*** Opening Collected data ***

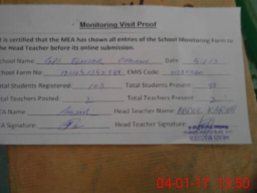 | EMIS Code: 31330380 | Name of School: GPS QAISAR CHOHAN | |||
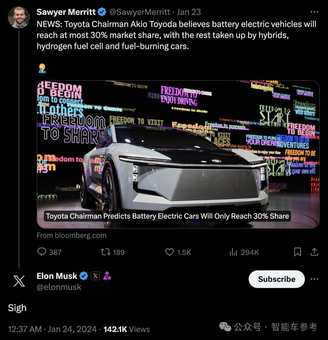 对于丰田章男的言论,马斯克在推特上转发了相关新闻,只回复了一个字:唉……
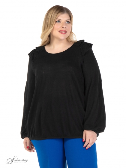 Нарядный джемпер прямого силуэта, в стиле Easy-chic, выполнен из фактурного однотонного трикотажного полотна. Модель с округлой линией горловины и длинным, объемным рукавом покроя реглан. Между линиями реглана полочки и спинки, параллельно вырезу горловины, настрочены два ряда рюш. Низ изделия и рукава обработан тонкой эластичной тесьмой. Удобный крой, и эффектный декор делают модель неповторимой.

*** Closing Collected data ***

• Task description
Reproduce the listing exactly. The pictures are to be omitted.

• Task output
 | EMIS Code: 31330380 | Name of School: GPS QAISAR CHOHAN | |||
 对于丰田章男的言论,马斯克在推特上转发了相关新闻,只回复了一个字:唉……
 Нарядный джемпер прямого силуэта, в стиле Easy-chic, выполнен из фактурного однотонного трикотажного полотна. Модель с округлой линией горловины и длинным, объемным рукавом покроя реглан. Между линиями реглана полочки и спинки, параллельно вырезу горловины, настрочены два ряда рюш. Низ изделия и рукава обработан тонкой эластичной тесьмой. Удобный крой, и эффектный декор делают модель неповторимой.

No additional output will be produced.